Metabolomics strategies

Metabolism is an integrated network of pathways where what happens in one pathway in turn affects other pathways.

Metabolomics is the comprehensive analysis of all metabolites, the by-products of metabolism. It is a high-throughput analytical strategy which gives a snapshot of which compounds are present at relative levels at a specific time point by analysing as many metabolites as possible in one screen.

However as adjacent cells in a tissue can have very different metabolic profiles and since metabolites come from many different classes of chemicals no one analytical approach can detect all components of metabolism.

Below are some of the most common strategies for metabolomics which we specialise in within the Facility.

Metabolite profiling involves an un-biased, non-targeted analysis approach to identify as many metabolites as possible in a particular sample. We can target both positively and negatively charged ions.

A common approach to do this is to initially screen sample extracts for as wide a range of masses as possible using the state-of-the-art mass spectrometers available in the Facility. This is usually done using a TOF mass spectrometer which gives a wide dynamic range over a large mass range. This gives us large amounts of data which we interpret using multivariate data analysis techniques such as PCA and OPLS-DA. This is a rapid and high throughput screening method which can identify potential changing metabolites within our samples. This method does not however identify any particular compounds it merely identifies masses which are changing leading onto more targeted analyses. Database searches are used here to give potential or putative ID’s to any targets identified.

From an untargeted metabolite screening approach any masses identified as changing or different between sample groups can then be identified and quantified by more precise methods. Targeted analyses can involve using more optimised extraction methods for particular classes of compounds. They could also involve more specific separation techniques using standard UPLC or HPLC methods or more specialised convergence chromatography, or detection techniques using UV, RI or ECD detections or by using ion mobility to separate isomers or even GC-MS. The method chosen is dictated either by the experiment or from a previous untargeted analysis. 

Tandem mass spectrometry is used for confirmation of the identity of any metabolites.

So for example a metabolite screen experiment could involve a non-targeted study which then indicates changes in a particular pathway. The metabolites of interest can then be positively identified and quantified using a more targeted approach.

Mass spectrometry imaging (MSI) is a technique used to visualise the spatial distribution of chemical compositions e.g. compounds, biomarkers, metabolites, peptides or proteins by their molecular masses. There are several advantages to imaging. It enables the study of metabolites in situ and negates the need for complex sample preparation, which could alter metabolism. It has a high spatial resolution of (1–<30 μm), no target specific reagents are needed so reagent costs for the analysis are exceedingly low, while analysis time is exceedingly fast. 

Both matrix-assisted laser desorption/ionisation mass spectrometric imaging (MALDI) and desorption electrospray ionisation mass spectrometric imaging (DESI) are analytical techniques offered by the metabolomics facility. 

The diagram below shows a typical MALDI imaging workflow. 

As detailed in the instruments section we have two mobile mass spectrometers in the metabolomics facility. Both GC-MS and LC-MS systems are available. These systems have simple sample introduction methods and are capable of providing rapid analysis and screening thus improving workflow in the field. Benefits to working in the field include samples being analysed immediately (limiting changes in metabolism), no transportation and reduction in sample preparation and handling.

The photo below shows us out in the field with a mobile mass spectrometer at RAGT seeds in Cambridgeshire measuring metabolite markers in a field of wheat.

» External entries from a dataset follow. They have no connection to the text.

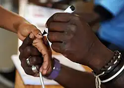 Votante india siendo marcada mediante pintado durante las elecciones a la Asamblea Legislativa de Delhi en 2015. Votante de la República Democrática del Congo introduciendo el dedo pulgar en tinta indeleble tras emitir su voto en las elecciones de 2011. Miembro de mesa marcando a un votante en la segunda vuelta de las elecciones presidenciales de 2011 en Haití.
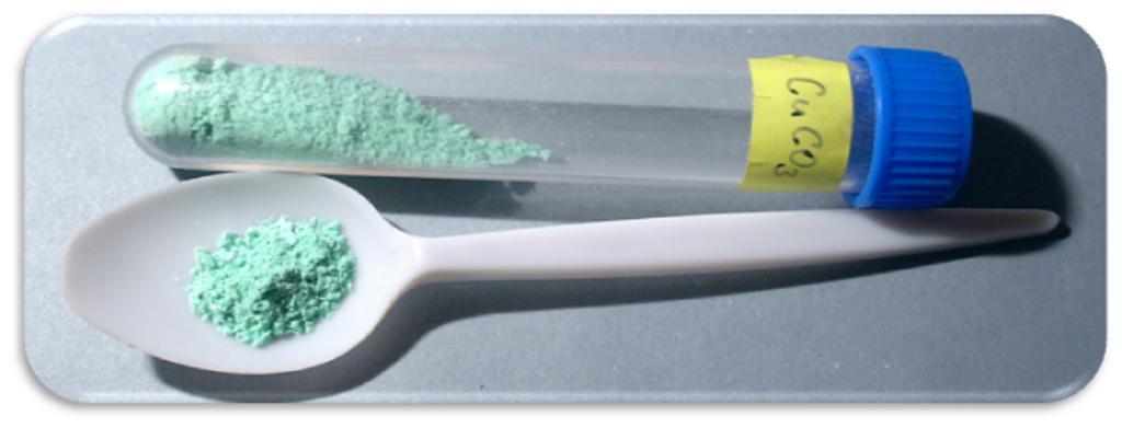 Keywords: Uhličitan měďnatý.PNG Uhličitan měďnatý - CuCO3 own 2007-06-24 Ondřej Mangl Není nutno Copper II carbonate Samples of chemical compounds
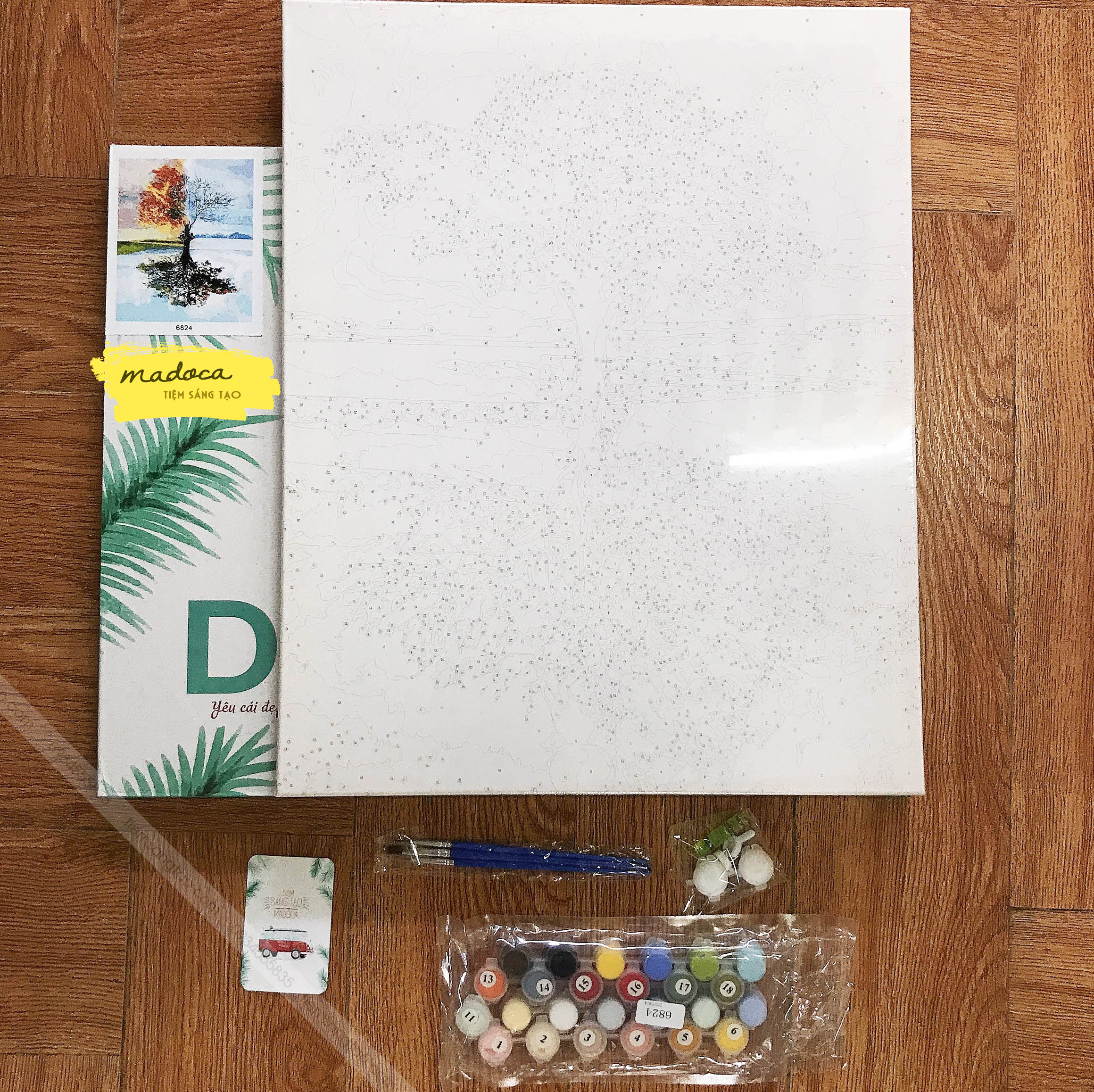-Bộ màu vẽ có đánh số: Các lọ màu vẽ được đánh số tương ứng với số được đánh trên tranh, có chất lượng cao cấp và màu sắc rực rỡ, độ bền màu cao, an toàn cho sức khỏe người dùng.
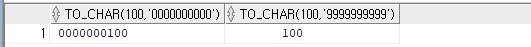 SELECT to_char(100, '9999999999') FROM dual; (9999안에 , 도 찍을 수 있음)
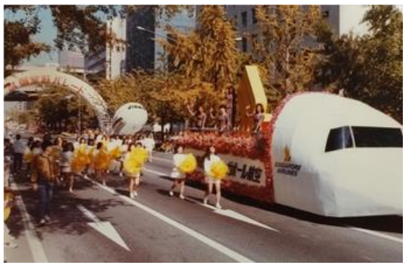 第一回御堂筋パレードに参加。民族衣装のサロンケバヤに身をまとった客室乗務員が、航空機をモチーフにしたフロートに乗って登場。
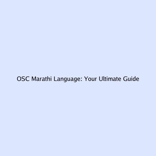 OSC Marathi Language: Your Ultimate Guide
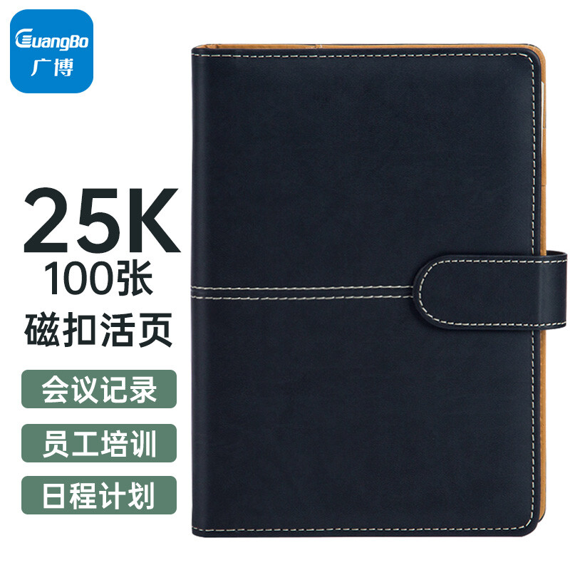 广博(GuangBo)25K活页笔记本子皮面本100张 黑色GBP8605
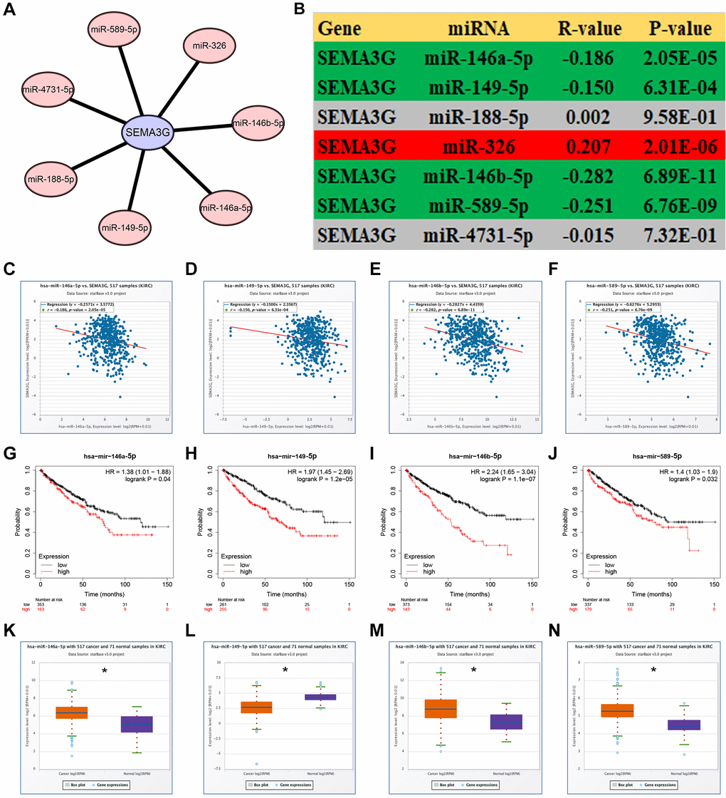 Prediction and analysis of upstream miRNAs of SEMA3G in KIRC

In isotope ratio mass spectrometry, element isotope ratios are determined very accurately and precisely. Typically, single focusing magnetic sector mass spectrometers with fixed multiple detectors (one per isotope) are used. Complex compounds are reduced to simple molecules prior to measurement; for example, organic compounds are combusted to CO₂, H₂O and N₂.

The technique involves the coupling of a preparation system employing the Dumas principle with a stable isotope mass spectrometer. This allows the measurement of not only total nitrogen or carbon in a sample but also their ¹⁵N or ¹³C levels in a wide range of biological and chemical samples.